The reason is maybe there are grave implications to getting far from the center? Using the linearly proportional penalty function, the regression will assign less weight to outliers than when using the squared proportional penalty function.

However the absolute loss has the disadvantage that it is not differentiable at a = 0.

Historically, Laplace originally considered the maximum observed error as a measure of the correctness of a model.

New York: Springer. Other measures of cost are possible, for example mortality or morbidity in the field of public health or safety engineering. Therefore errors are not 'equally bad' but 'proportionally bad' as twice the error gets twice the penalty.

Choose the decision rule with the lowest average loss. Both absolute values and squared values are used based on the use-case.

But for risk-averse (or risk-loving) agents, loss is measured as the negative of a utility function, which represents satisfaction and is usually interpreted in ordinal terms rather than in cardinal (absolute) terms. Thus, squared error penalizes large errors more than does absolute error and is more forgiving of small errors than absolute error is. In economics, when an agent is risk neutral, the objective function is simply expressed in monetary terms, such as profit, income, or end-of-period wealth.

Values of MSE may be used for comparative purposes. Minimizing MSE is a key criterion in selecting estimators: see minimum mean-square error. Basically MAE is more robust to outlier than is MSE.

There is no really "good" reason that squared is used instead of higher powers (or, indeed, non-polynomial penalty functions). The reason minimizing squared error is preferred is because it prevents large errors better.

Since the value of this variable is uncertain, so is the value of the utility function; it is the expected value of utility that is maximized. Which depending on the application may not as closely characterize peoples opinions as: One 7-unit loss is just as bad as forty-nine 1-unit losses. In financial risk management the function is precisely mapped to a monetary loss.

It's the projection of Y onto the column space of X. The result for S n − 1 2 follows easily from the χ n − 1 2 variance that is 2 n − 2. With such a function, each deviation from the mean is given a proportional corresponding error.

Suppose the sample units were chosen with replacement. The goal of estimation is to find a function that models its input well: if it were applied to the training set, it should predict the values (or class labels) associated

For an infinite family of models, it is a set of parameters to the family of distributions. He soon moved to considering MAD instead.

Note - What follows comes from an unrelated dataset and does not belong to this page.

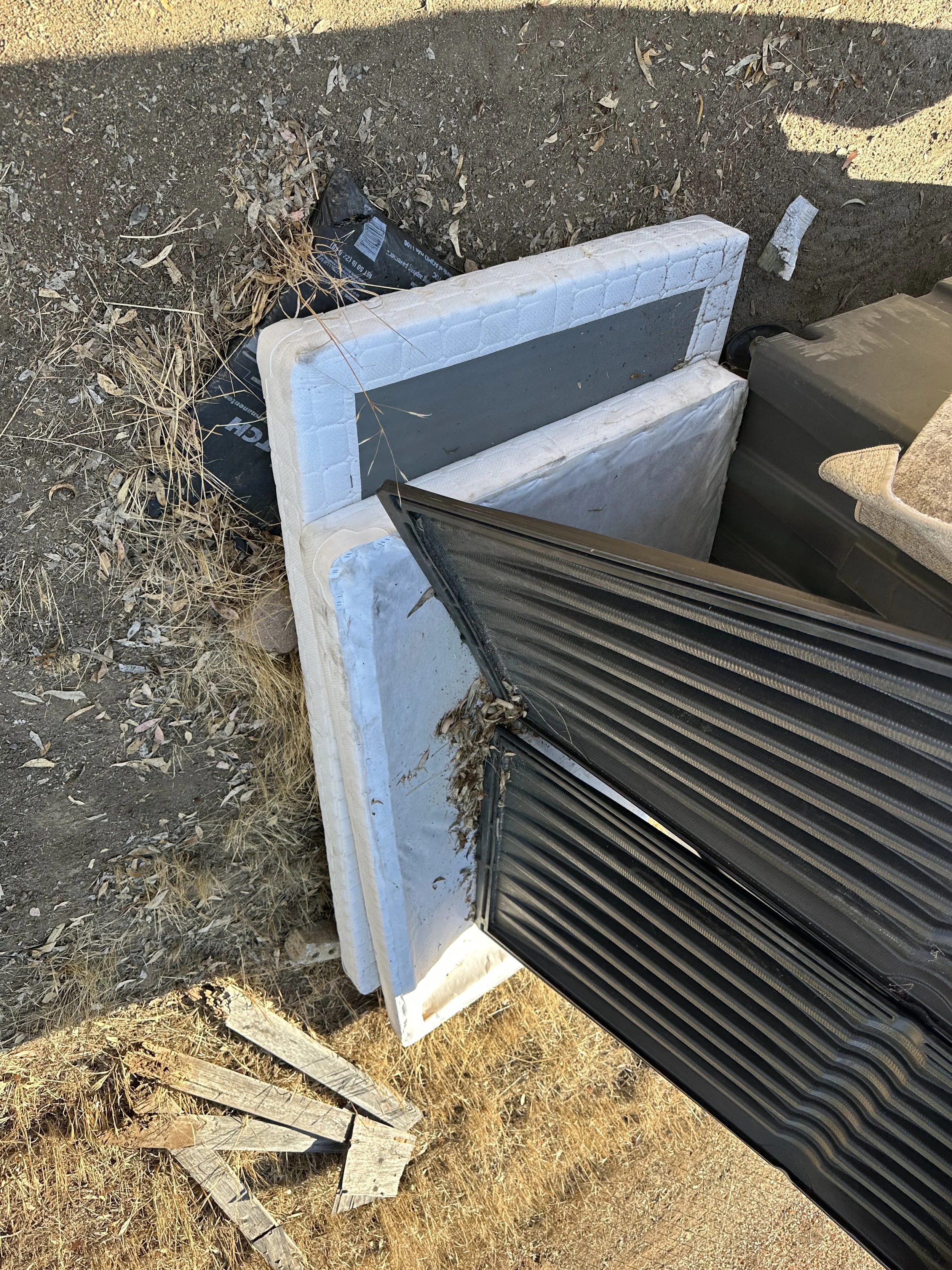 Customer had couple of mattresses around their property as well as misc junk. 1/8

Robust Regression, but require iterative solutions to estimates that are, in general, neither unique nor available in closed form and can be computationally expensive. If deviations become worse for you the farther away you are from the optimum and you don't care about whether the deviation is positive or negative, then the squared loss function

However the statistical properties of your solution might be hard to assess. Contents 1 Definition and basic properties 1.1 Predictor 1.2 Estimator 1.2.1 Proof of variance and bias relationship 2 Regression 3 Examples 3.1 Mean 3.2 Variance 3.3 Gaussian distribution 4 Interpretation 5. The MSE is the second moment (about the origin) of the error, and thus incorporates both the variance of the estimator and its bias.